Afbeelding 2: Verdeling van het aantal verkeersdoden en de in het ziekenhuis (LBZ) geregistreerde ernstig verkeersgewonden over leeftijdsklassen. Bronnen: CBS en DHD.
Tabel 1: Aantal verkeersdoden uitgesplitst naar vervoerswijze voor alle leeftijden samen en voor 80-plussers. Bron: CBS.
De toename in het aantal verkeersdoden onder 80-plussers kan deels verklaard worden door de vergrijzing. De mortaliteit (het aantal verkeersdoden per miljoen inwoners) lijkt voor deze groep echter eerder toe dan af te nemen. Het is goed mogelijk dat daarnaast ook de gemiddelde reisafstand per persoon is toegenomen voor 80-plussers. In de voor dit onderzoek gebruikte mobiliteitsgegevens kan de groep 80-plussers echter niet apart onderscheiden worden en kan de ontwikkeling in het overlijdensrisico dus ook niet worden bepaald.

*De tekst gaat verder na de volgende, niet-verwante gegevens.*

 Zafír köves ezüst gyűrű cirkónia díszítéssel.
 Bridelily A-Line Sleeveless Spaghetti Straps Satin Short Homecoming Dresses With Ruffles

4.5. Slachtoffers op 30- en 60km/uur-wegen
Een uitsplitsing naar wegbeheerder en wegtype is alleen mogelijk voor door de politie geregistreerde verkeersdoden. In 2016 werden 533 van de 629 verkeersdoden (85%) door de politie geregistreerd. De meeste door de politie geregistreerde verkeersdoden vallen op gemeentelijke wegen (afbeelding 3, boven). Een nadere onderverdeling naar een combinatie van snelheidslimiet, wegbeheerder en binnen/buiten de bebouwde kom (afbeelding 3, onder) laat zien dat de meeste verkeersdoden worden geregistreerd op 50km/uur-wegen binnen de bebouwde kom en provinciale wegen met een snelheidslimiet van 80km/uur of hoger. Het aantal verkeersdoden op deze wegen is de afgelopen 10 jaar wel gedaald, evenals op de meeste andere wegtypen in afbeelding 3. Op 30km/uur-wegen binnen de bebouwde kom is het aantal verkeersdoden echter niet duidelijk afgenomen de laatste tien jaar (-1% per jaar, niet statistisch significant) en op 60km/uur-wegen buiten de bebouwde kom lijkt het aantal verkeersdoden de laatste tien jaar min of meer constant te zijn.

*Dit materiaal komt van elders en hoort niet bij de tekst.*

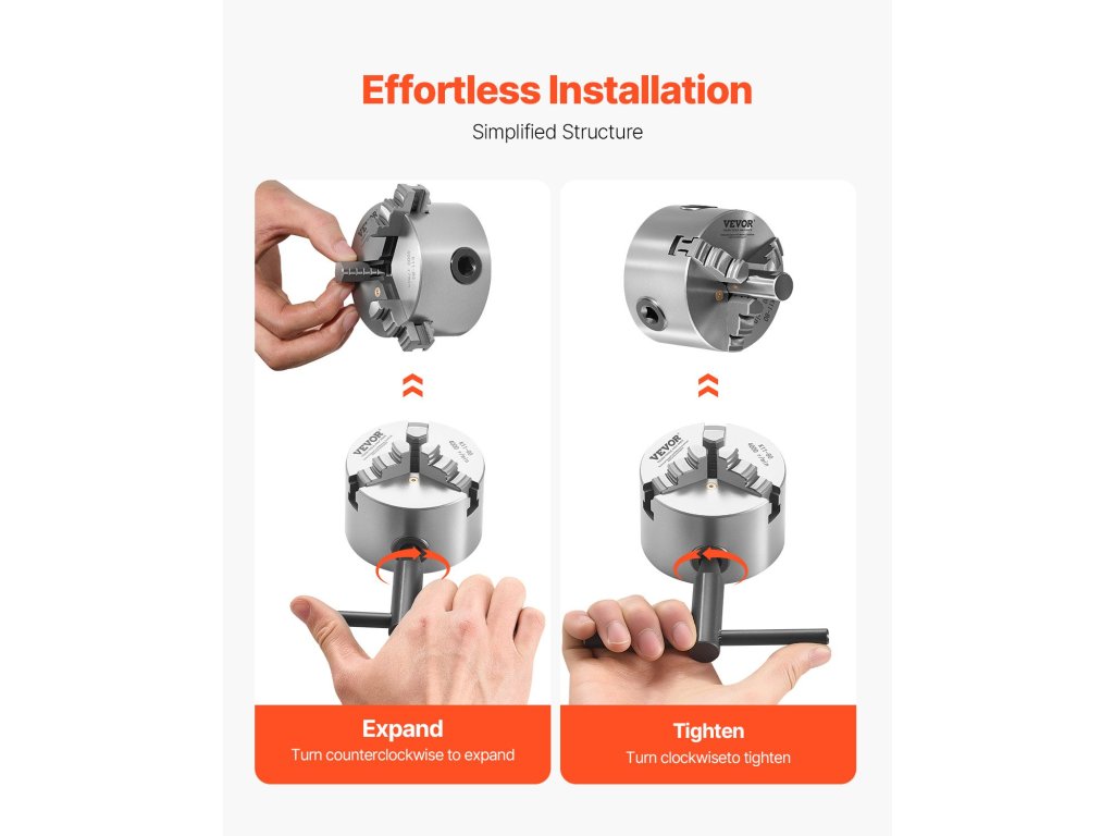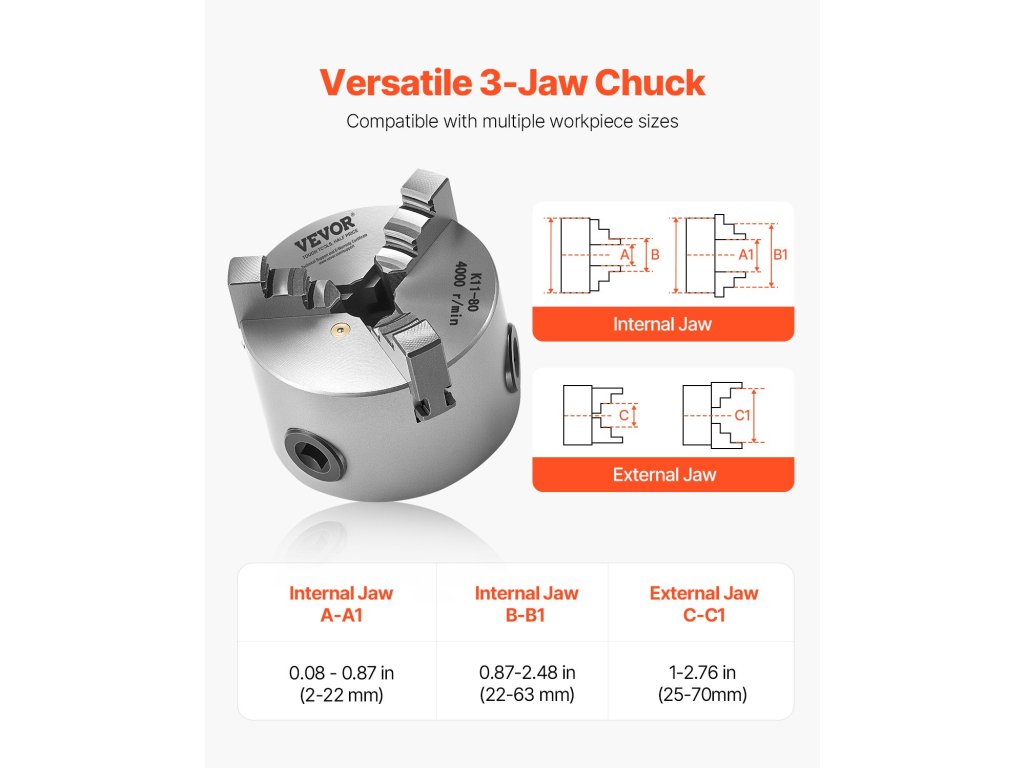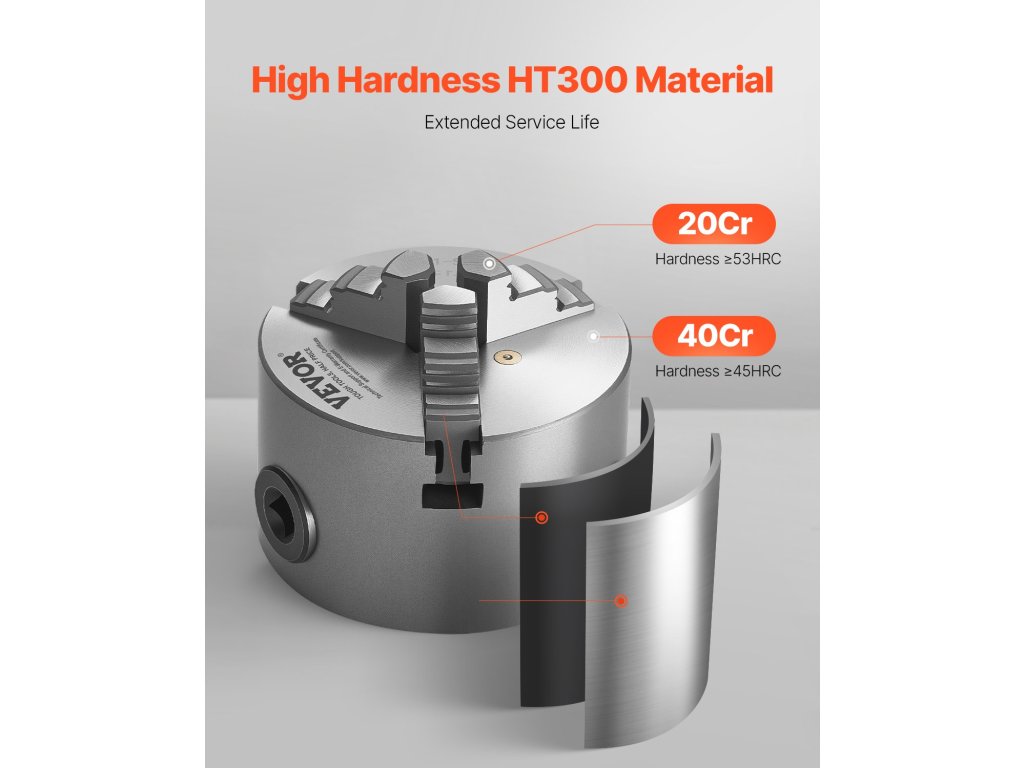 Prémium HT300 öntöttvasból készült, a hosszú élettartam és a korrózióállóság érdekében az állkapocs keménysége ≥53 HRC. Az önközpontosító esztergafogó tokmány nagy pontosságú rögzítést biztosít kalibrálás nélkül. A 0,63 hüvelykes belső átmérővel és a 3 hüvelykes külső átmérővel könnyen kezeli a 0,08 hüvelyk és 2,48 hüvelyk közötti befogási tartományokat.

Afbeelding 3: Verdeling van het aantal door de politie geregistreerde verkeersdoden over wegbeheerder en wegtype. Bronnen: ministerie van IenW en SWOV.

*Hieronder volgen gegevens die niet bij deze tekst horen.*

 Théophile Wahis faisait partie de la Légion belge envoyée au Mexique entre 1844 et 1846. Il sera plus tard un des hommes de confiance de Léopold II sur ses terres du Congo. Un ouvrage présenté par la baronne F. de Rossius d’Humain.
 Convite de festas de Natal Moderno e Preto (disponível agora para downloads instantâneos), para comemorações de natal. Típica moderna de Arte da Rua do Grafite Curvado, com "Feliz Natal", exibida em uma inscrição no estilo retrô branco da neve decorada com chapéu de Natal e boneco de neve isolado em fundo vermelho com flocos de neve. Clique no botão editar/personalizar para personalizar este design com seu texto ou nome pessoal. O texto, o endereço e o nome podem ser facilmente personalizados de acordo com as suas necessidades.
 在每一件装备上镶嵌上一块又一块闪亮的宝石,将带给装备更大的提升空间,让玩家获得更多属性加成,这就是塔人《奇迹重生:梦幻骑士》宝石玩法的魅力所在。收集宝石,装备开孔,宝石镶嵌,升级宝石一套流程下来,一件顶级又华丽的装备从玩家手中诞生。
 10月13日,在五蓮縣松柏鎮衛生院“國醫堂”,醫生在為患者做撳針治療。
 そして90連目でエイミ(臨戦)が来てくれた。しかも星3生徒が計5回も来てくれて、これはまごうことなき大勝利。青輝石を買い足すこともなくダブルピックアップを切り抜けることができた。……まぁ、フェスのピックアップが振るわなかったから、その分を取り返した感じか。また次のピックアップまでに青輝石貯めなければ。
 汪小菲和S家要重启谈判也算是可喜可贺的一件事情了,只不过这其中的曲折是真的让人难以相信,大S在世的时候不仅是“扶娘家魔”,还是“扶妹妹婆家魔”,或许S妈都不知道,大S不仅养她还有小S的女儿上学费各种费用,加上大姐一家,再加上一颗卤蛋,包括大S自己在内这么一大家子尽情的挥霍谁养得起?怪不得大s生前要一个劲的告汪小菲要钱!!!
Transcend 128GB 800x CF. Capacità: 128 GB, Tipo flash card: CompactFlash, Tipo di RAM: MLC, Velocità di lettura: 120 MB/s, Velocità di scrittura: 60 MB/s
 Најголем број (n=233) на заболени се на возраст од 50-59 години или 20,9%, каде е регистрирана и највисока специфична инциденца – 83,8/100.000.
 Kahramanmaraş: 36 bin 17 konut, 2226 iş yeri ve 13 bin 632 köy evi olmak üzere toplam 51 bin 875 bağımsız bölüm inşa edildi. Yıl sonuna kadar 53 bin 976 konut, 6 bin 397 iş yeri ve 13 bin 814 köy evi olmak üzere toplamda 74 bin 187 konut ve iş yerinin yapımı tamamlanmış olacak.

De politie registreerde in 2016 31 verkeersdoden op 30km/uur-wegen binnen de bebouwde kom en 70 verkeersdoden op 60km/uur-wegen buiten de bebouwde kom. Het werkelijke aantal verkeersdoden op deze wegen is zeer waarschijnlijk hoger doordat niet alle verkeersdoden door de politie worden geregistreerd en doordat niet voor alle door de politie geregistreerde verkeersdoden het wegtype te bepalen is.
Er is geen betrouwbare informatie beschikbaar over ontwikkelingen in weglengte of mobiliteit voor verschillende wegtypen. Daarom kon niet worden nagegaan in hoeverre de relatief ongunstige ontwikkeling in het aantal verkeersdoden op 30- en 60km/uur-wegen verklaard kan worden door een toename in weglengte of mobiliteit.
5. Ontwikkelingen in verkeersveiligheidsindicatoren
Verkeersveiligheidsindicatoren geven inzicht in verschillende aspecten van de verkeersveiligheid; het gedrag van weggebruikers, de veiligheid van infrastructuur, de veiligheid van voertuigen en de kwaliteit van de traumazorg. De laatste jaren is er, onder de noemer van de ‘risicogestuurde aanpak’, een groeiende belangstelling voor verkeersveiligheidsindicatoren. Met behulp van deze indicatoren kunnen risicofactoren in kaart worden gebracht en kan hun ontwikkeling worden gemonitord. Ook kunnen doelstellingen worden geformuleerd voor verschillende verkeersveiligheidsindicatoren en kunnen per doelstelling verantwoordelijke actoren worden aangewezen. In het Strategisch Plan Verkeersveiligheid 2030 dat momenteel wordt ontwikkeld door verschillende overheden, heeft de risicogestuurde aanpak een prominente rol. Deze paragraaf bespreekt de ontwikkeling in verkeersveiligheidsindicatoren op landelijk niveau voor zover dat mogelijk is op basis van de beschikbare data.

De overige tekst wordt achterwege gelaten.